* [DATA TO USE]:
———

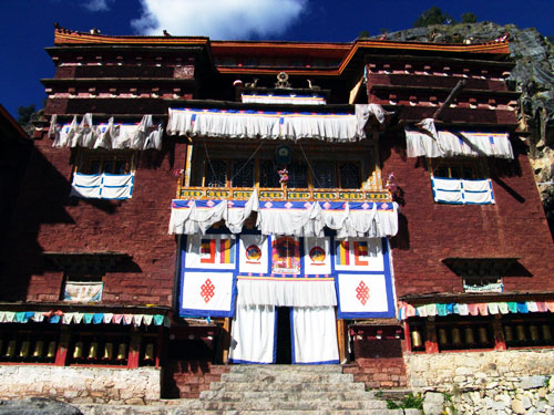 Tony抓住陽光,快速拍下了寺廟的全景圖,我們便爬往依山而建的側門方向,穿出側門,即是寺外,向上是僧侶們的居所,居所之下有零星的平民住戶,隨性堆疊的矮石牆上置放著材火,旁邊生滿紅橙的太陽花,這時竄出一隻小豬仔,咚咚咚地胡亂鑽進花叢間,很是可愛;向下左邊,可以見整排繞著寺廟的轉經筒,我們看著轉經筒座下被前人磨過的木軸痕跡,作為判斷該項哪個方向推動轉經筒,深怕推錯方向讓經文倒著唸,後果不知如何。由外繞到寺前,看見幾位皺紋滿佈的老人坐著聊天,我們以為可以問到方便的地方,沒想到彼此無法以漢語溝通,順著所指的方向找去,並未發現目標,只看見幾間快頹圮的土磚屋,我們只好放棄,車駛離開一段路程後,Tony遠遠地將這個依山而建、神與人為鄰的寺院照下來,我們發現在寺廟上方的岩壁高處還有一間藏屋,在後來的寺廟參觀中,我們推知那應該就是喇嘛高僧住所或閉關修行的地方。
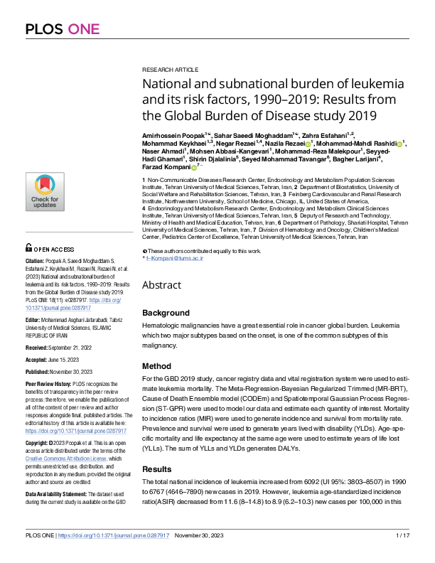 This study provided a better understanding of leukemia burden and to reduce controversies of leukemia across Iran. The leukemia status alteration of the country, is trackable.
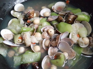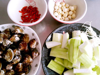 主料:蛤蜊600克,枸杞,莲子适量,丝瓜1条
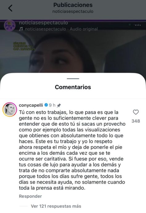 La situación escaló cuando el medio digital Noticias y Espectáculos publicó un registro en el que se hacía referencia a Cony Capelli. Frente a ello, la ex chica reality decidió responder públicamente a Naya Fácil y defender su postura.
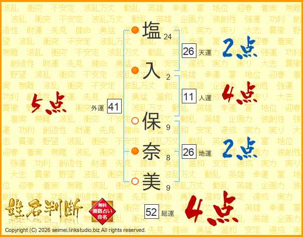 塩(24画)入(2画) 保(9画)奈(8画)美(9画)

———

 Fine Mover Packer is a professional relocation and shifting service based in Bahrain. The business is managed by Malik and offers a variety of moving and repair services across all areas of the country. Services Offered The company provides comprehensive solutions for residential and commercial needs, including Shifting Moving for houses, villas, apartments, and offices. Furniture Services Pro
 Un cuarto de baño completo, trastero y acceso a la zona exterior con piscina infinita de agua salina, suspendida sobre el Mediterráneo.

———

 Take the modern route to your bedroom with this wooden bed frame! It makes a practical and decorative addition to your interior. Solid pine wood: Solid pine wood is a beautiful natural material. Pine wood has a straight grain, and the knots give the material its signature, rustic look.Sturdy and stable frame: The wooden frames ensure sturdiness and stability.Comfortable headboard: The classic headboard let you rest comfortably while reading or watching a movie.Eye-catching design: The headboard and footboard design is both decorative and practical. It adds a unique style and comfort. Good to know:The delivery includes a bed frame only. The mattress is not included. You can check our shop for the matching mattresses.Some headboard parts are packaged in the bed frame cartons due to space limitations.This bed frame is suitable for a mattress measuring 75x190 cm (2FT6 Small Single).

———

* [EXERCISE DETAILS]:
Return exactly the lines of the material above, starting at the line containing "Tony抓住陽光,快速拍下了" and finishing at the line containing "主料:蛤蜊600克,枸杞,莲子适量,丝瓜1条", without any pictures.

* [RESPONSE FOR THIS EXERCISE]:
 Tony抓住陽光,快速拍下了寺廟的全景圖,我們便爬往依山而建的側門方向,穿出側門,即是寺外,向上是僧侶們的居所,居所之下有零星的平民住戶,隨性堆疊的矮石牆上置放著材火,旁邊生滿紅橙的太陽花,這時竄出一隻小豬仔,咚咚咚地胡亂鑽進花叢間,很是可愛;向下左邊,可以見整排繞著寺廟的轉經筒,我們看著轉經筒座下被前人磨過的木軸痕跡,作為判斷該項哪個方向推動轉經筒,深怕推錯方向讓經文倒著唸,後果不知如何。由外繞到寺前,看見幾位皺紋滿佈的老人坐著聊天,我們以為可以問到方便的地方,沒想到彼此無法以漢語溝通,順著所指的方向找去,並未發現目標,只看見幾間快頹圮的土磚屋,我們只好放棄,車駛離開一段路程後,Tony遠遠地將這個依山而建、神與人為鄰的寺院照下來,我們發現在寺廟上方的岩壁高處還有一間藏屋,在後來的寺廟參觀中,我們推知那應該就是喇嘛高僧住所或閉關修行的地方。
 This study provided a better understanding of leukemia burden and to reduce controversies of leukemia across Iran. The leukemia status alteration of the country, is trackable.
 主料:蛤蜊600克,枸杞,莲子适量,丝瓜1条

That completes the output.